Data to examine
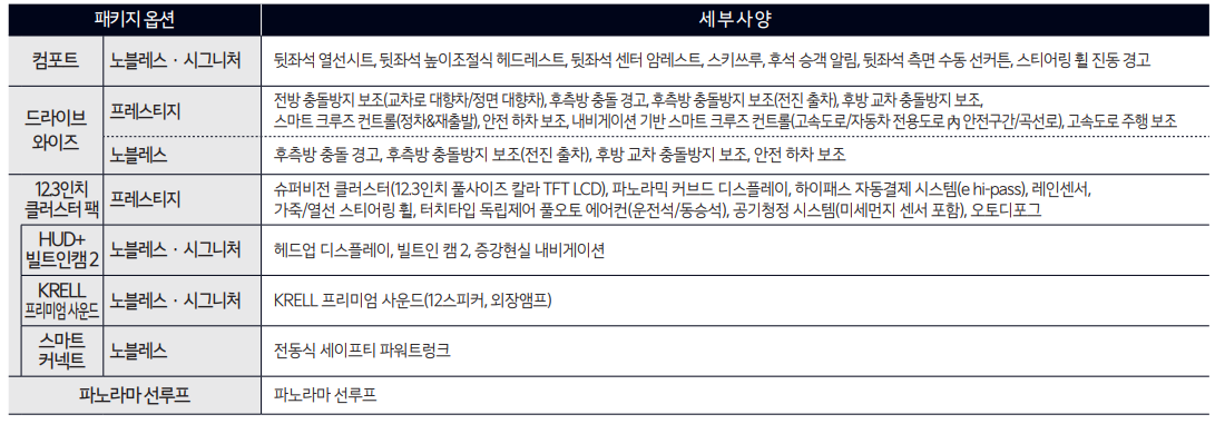 또 차체와 앞유리가 만나는 부분의 소재를 보강하고 후륜 멤버 충격 흡수 부품과 전륜 멤버의 소재를 최적화해 지면에서 차량으로 전달되는 로드 노이즈를 감소시켰으며, 이중접합 차음 유리를 기존 앞유리 및 앞좌석에서 뒷좌석까지 확대 적용함으로써 정숙성을 높였습니다.
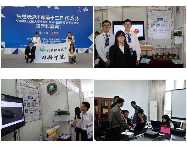 2013年10月13日至17日,在江苏省苏州大学举办的第十三届“挑战杯”全国大学生课外学术科技作品竞赛决赛落下帷幕。经过紧张、激烈的封闭评审、现场问询、公开答辩等环节的角逐比拼,材料学院推选的参赛作品《基于新型铜铟硫纳米晶的白光LED与光转换膜的制备和应用》,荣获本次挑战杯全国一等奖,受到了评委和专家的一致认可和赞扬,为学校赢得了宝贵的分数与荣誉。这是继2011年材料学院张学同老师指导的杜然、徐洋子同学的作品《导电高分子水凝胶的控制合成与性能研究》在第十二届 “挑战杯”全国大学生课外学术科技作品竞赛中获得全国二等奖后,材料学院在“挑战杯”赛事的新突破。
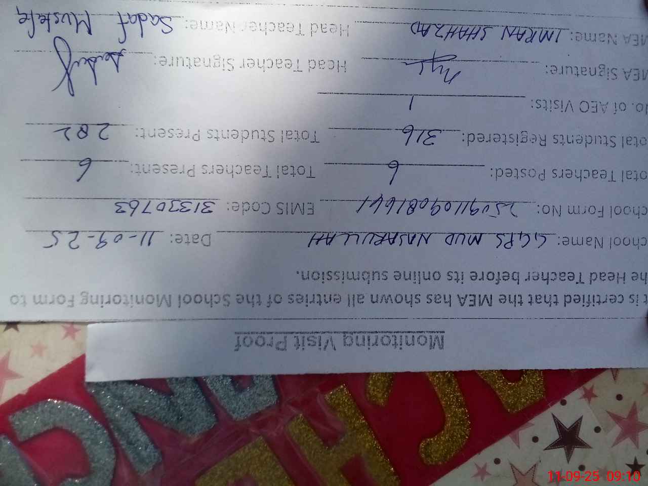 | Attendance Register | Head Teacher | MEA with School | Visit Proof |
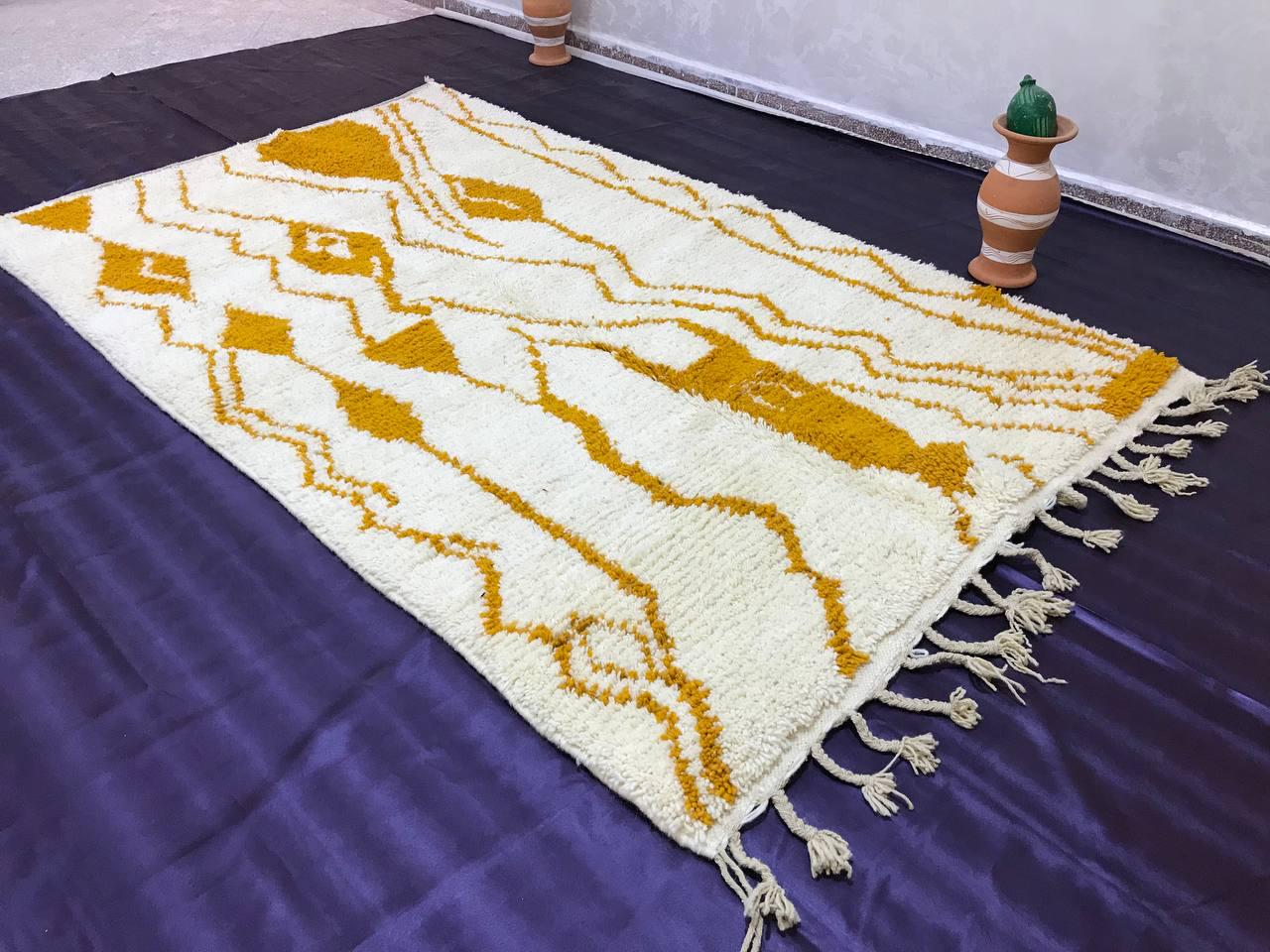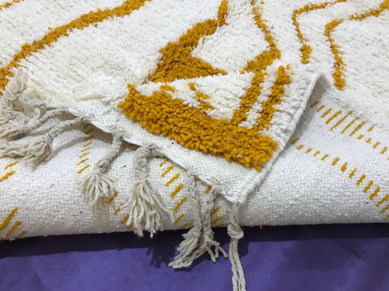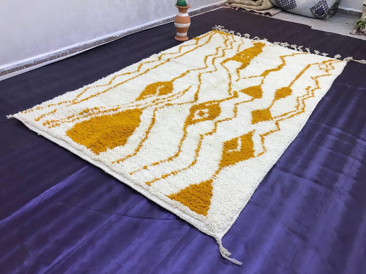 A Moroccan Berber Colorful rug is a traditional handwoven floor covering that originates from the indigenous Berber people of Morocco. These rugs are known for their intricate patterns and bold, geometric designs, which are created using a variety of natural dyes and High-quality Wool. Moroccan boujad rugs are versatile and can be used to add a touch of bohemian chic to any room, from a living room or bedroom to a home office or entryway. They are durable and easy to maintain, making them a practical choice for high-traffic areas. Whether you're looking to add a pop of color to your space or create a warm and welcoming atmosphere, a Moroccan Berber rug is a great choice. 📌 Shipping: insured, trackable, Fast, and FREE Worldwide by FedEx or DHL (2 to 5 days delivery). ❖ Cleaning: all rugs are carefully cleaned before shipping. ❖ Colors: Please take a look at the pictures. ❖ Texture: Moroccan / soft / Shag. ❖ Technique: Hand-Knotted ❖ Construction: Handmade ❖ Location: Indoor Use Only ❖ Material: Your order is made entirely by hand from natural wool, which means there will be natural (and beautiful) variations in pattern and color. Wool shrinks. ❖ Pattern: Because the product is handcrafted, the pattern and Colors may vary slightly from one piece to another. ❖ Size: While we try our best to ensure consistent sizing, it is possible for final sizes to vary by a few inches more or less. ❖ Tassels: One side is the Traditional way of making the rugs. 📌Ships tightly rolled in a protective bag. Any slight creasing will disappear within a few days. Shedding loose fibers is normal with new rugs. Shedding will diminish with regular vacuuming. If you have any questions or queries, please feel free to contact me via messages. Handwoven Yellow Moroccan Berber Rug: Wool Boujaad Carpet,moroccan boho rug,moroccan berber rug,orange berber rug
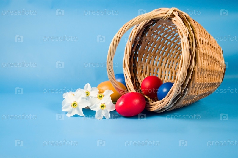 Опрокинутая плетеная корзина с пасхальными яйцами и белыми нарциссами на голубом фоне
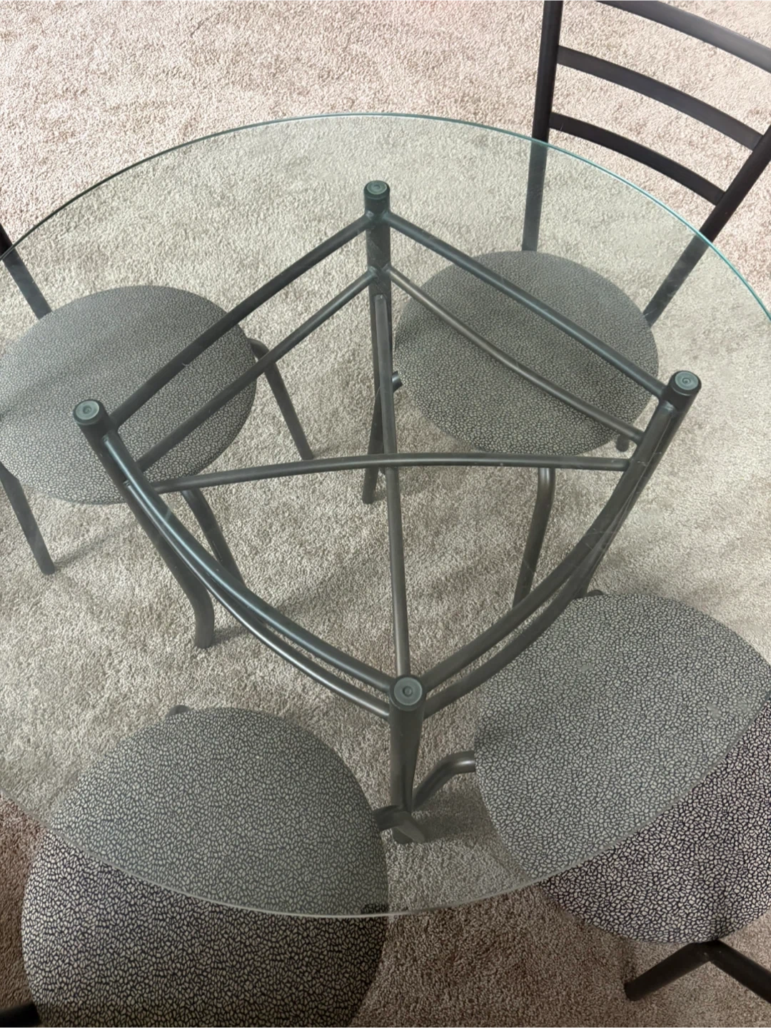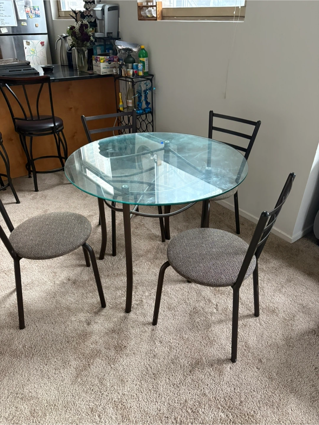 This is a round glass top dining table with four matching chairs. The table has a metal base and frame, and the chairs have upholstered seats. It's a compact set, perfect for smaller dining areas or breakfast nooks.
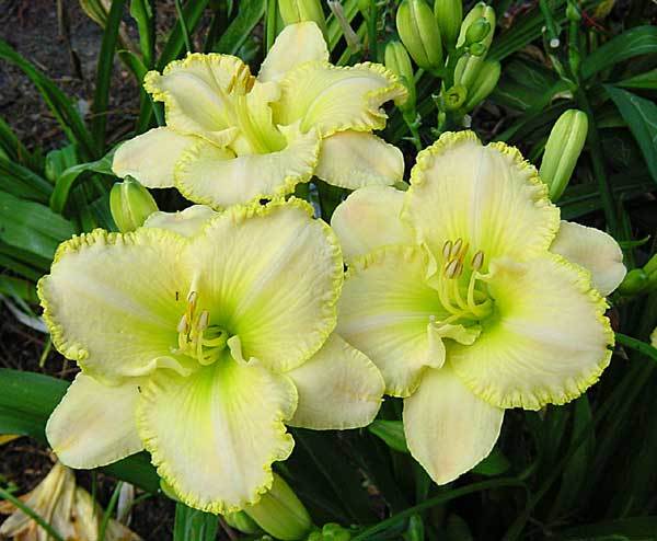 Рассада лилейника Фест Найт (First Knight) придется по душе тем цветоводам, которые ценят простоту и элегантность. Растение цветет крупными бутонами по несколько штук на одном стебле, создавая своеобразный букет. Цвет лепестков имеет нежно-желтый оттенок, а по краю идет обрамление гофрированной золотистой каймой. Многие оценят достоинства этого превосходного сорта:
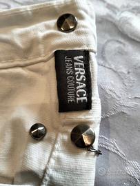 Bellissimo paio di jeans Versace colore bianco con motivo con catenelle, usato una volta.
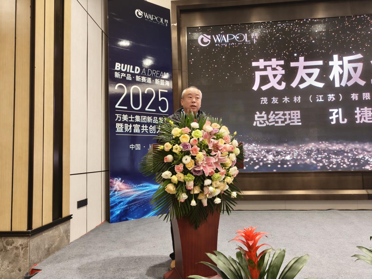 紧接着,茂友木材(江苏)有限公司总经理孔捷先生分享合作感悟:作为上游伙伴,深刻感受到万美士对品质的极致追求如何倒逼产业链共同升级,这份“敢为人先”的精神,让每一位奋斗者深感共鸣。
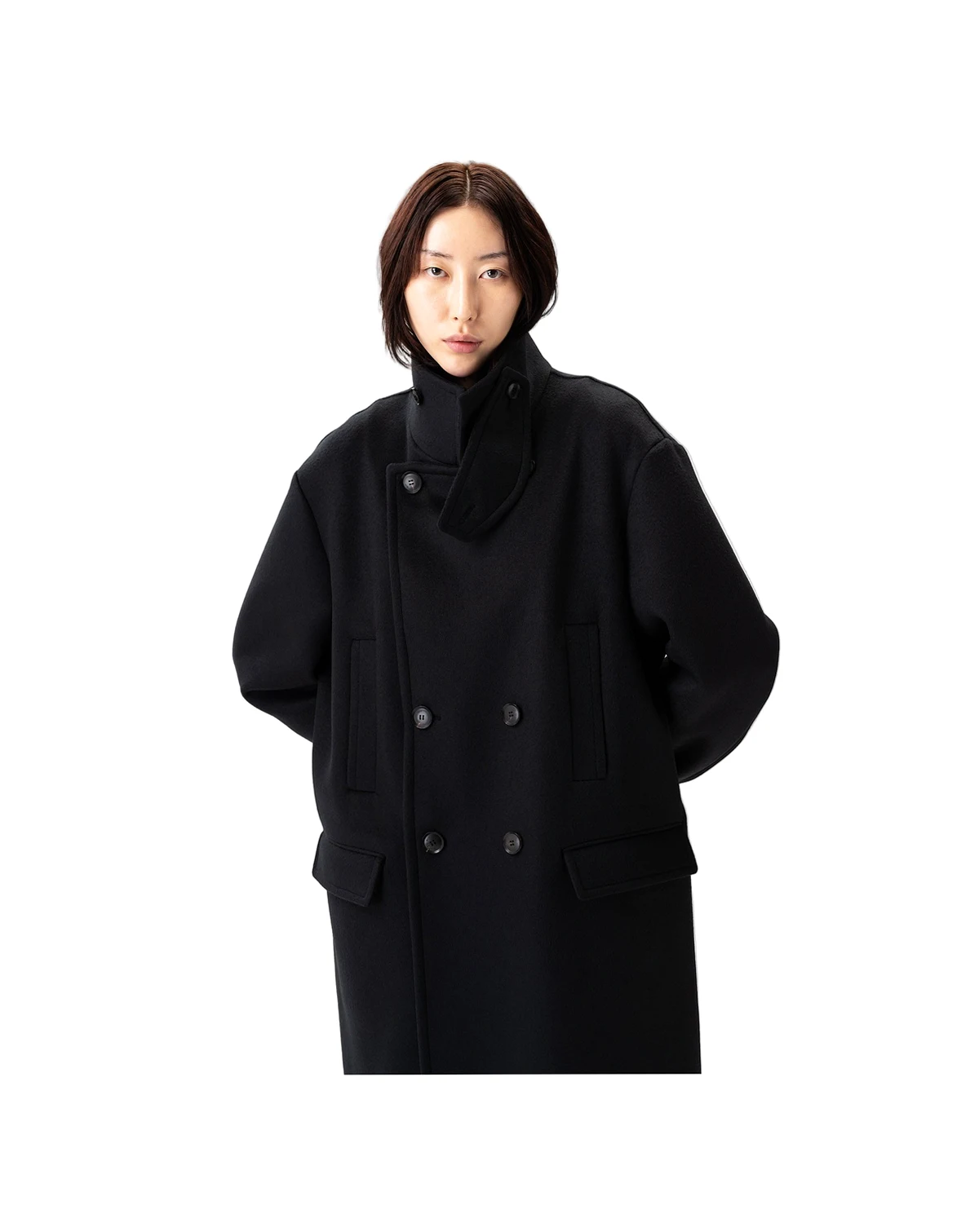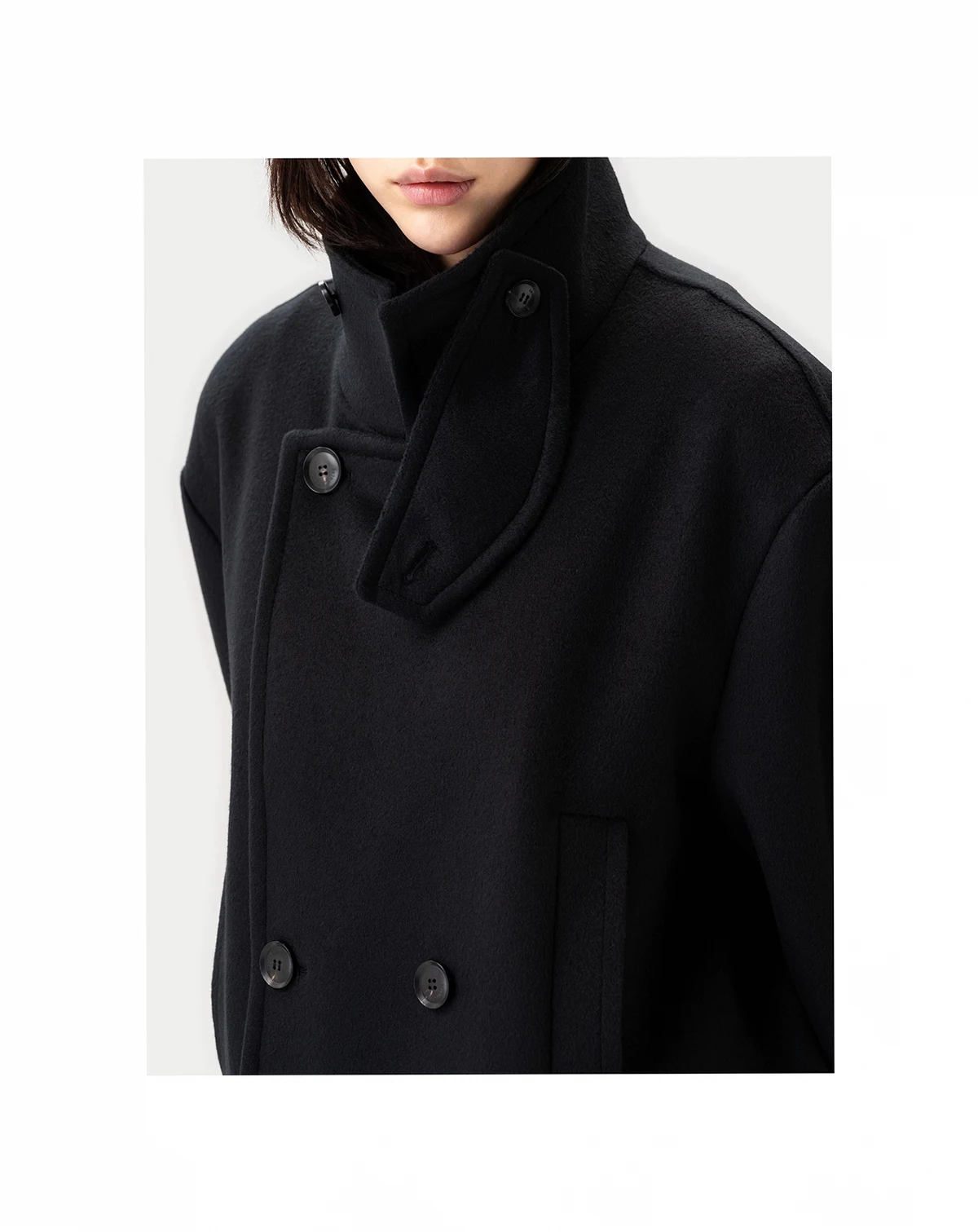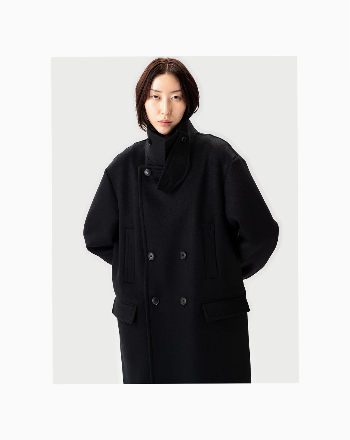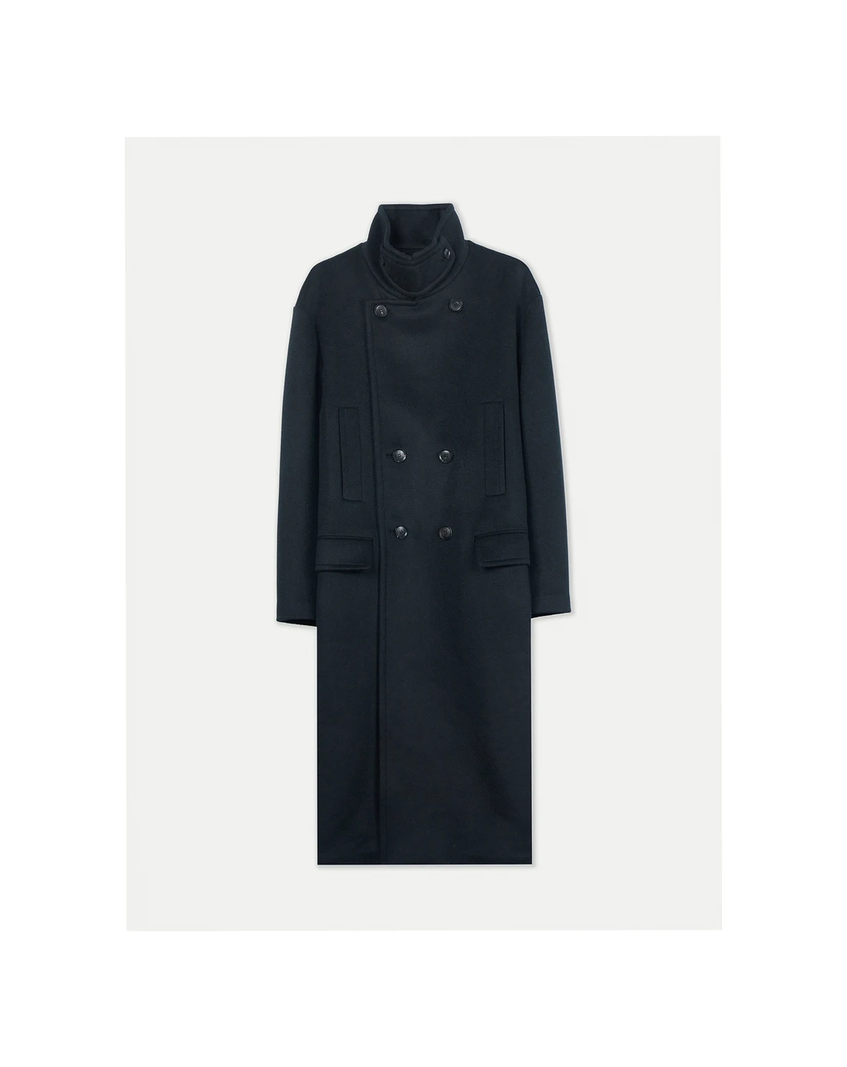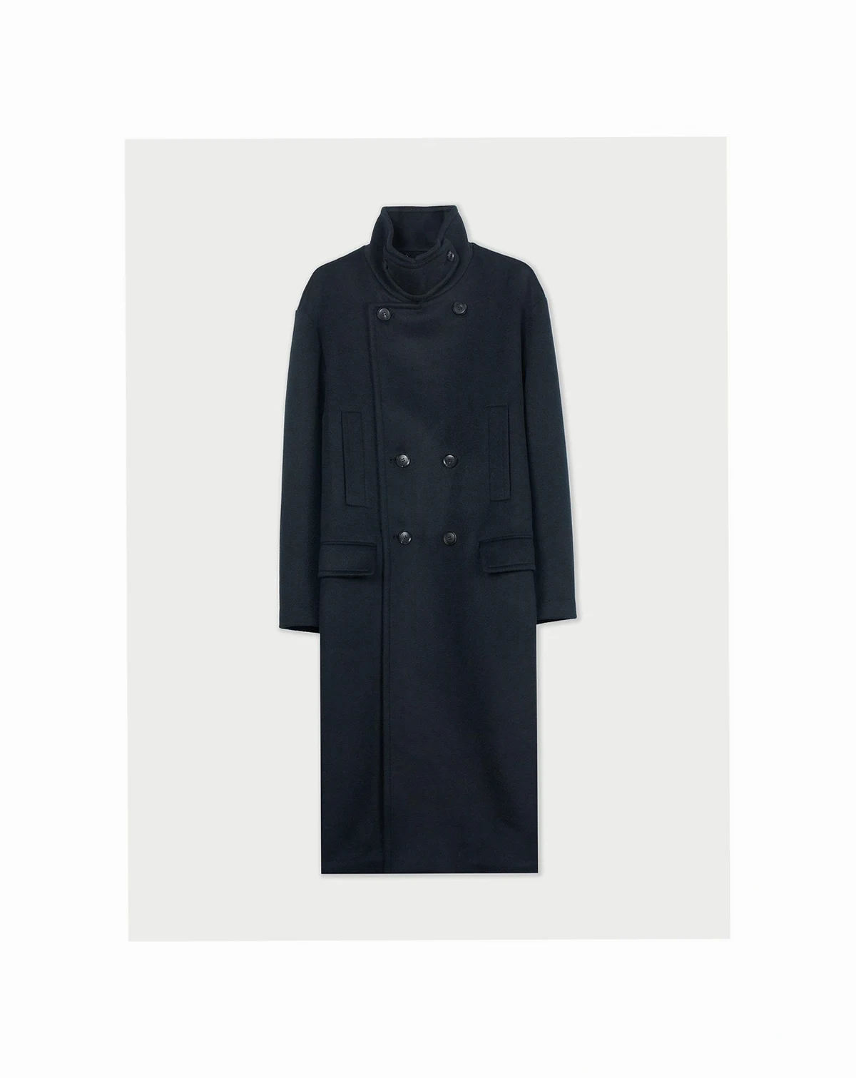 Inspired by the military trench coat, this piece reflects its classic details — the double-breasted front, broad shoulders, straight silhouette, epaulettes, and large flap pockets. Crafted from thick, breathable double-faced cashmere, it stands as a timeless signature piece of the F/W collection.

Try it
An exact copy is needed. It runs from the line above containing "Visit Proof |" down to the line containing "A Moroccan Berber Colorful", both included, with no pictures.

Solution to this problem
 | Attendance Register | Head Teacher | MEA with School | Visit Proof |
 A Moroccan Berber Colorful rug is a traditional handwoven floor covering that originates from the indigenous Berber people of Morocco. These rugs are known for their intricate patterns and bold, geometric designs, which are created using a variety of natural dyes and High-quality Wool. Moroccan boujad rugs are versatile and can be used to add a touch of bohemian chic to any room, from a living room or bedroom to a home office or entryway. They are durable and easy to maintain, making them a practical choice for high-traffic areas. Whether you're looking to add a pop of color to your space or create a warm and welcoming atmosphere, a Moroccan Berber rug is a great choice. 📌 Shipping: insured, trackable, Fast, and FREE Worldwide by FedEx or DHL (2 to 5 days delivery). ❖ Cleaning: all rugs are carefully cleaned before shipping. ❖ Colors: Please take a look at the pictures. ❖ Texture: Moroccan / soft / Shag. ❖ Technique: Hand-Knotted ❖ Construction: Handmade ❖ Location: Indoor Use Only ❖ Material: Your order is made entirely by hand from natural wool, which means there will be natural (and beautiful) variations in pattern and color. Wool shrinks. ❖ Pattern: Because the product is handcrafted, the pattern and Colors may vary slightly from one piece to another. ❖ Size: While we try our best to ensure consistent sizing, it is possible for final sizes to vary by a few inches more or less. ❖ Tassels: One side is the Traditional way of making the rugs. 📌Ships tightly rolled in a protective bag. Any slight creasing will disappear within a few days. Shedding loose fibers is normal with new rugs. Shedding will diminish with regular vacuuming. If you have any questions or queries, please feel free to contact me via messages. Handwoven Yellow Moroccan Berber Rug: Wool Boujaad Carpet,moroccan boho rug,moroccan berber rug,orange berber rug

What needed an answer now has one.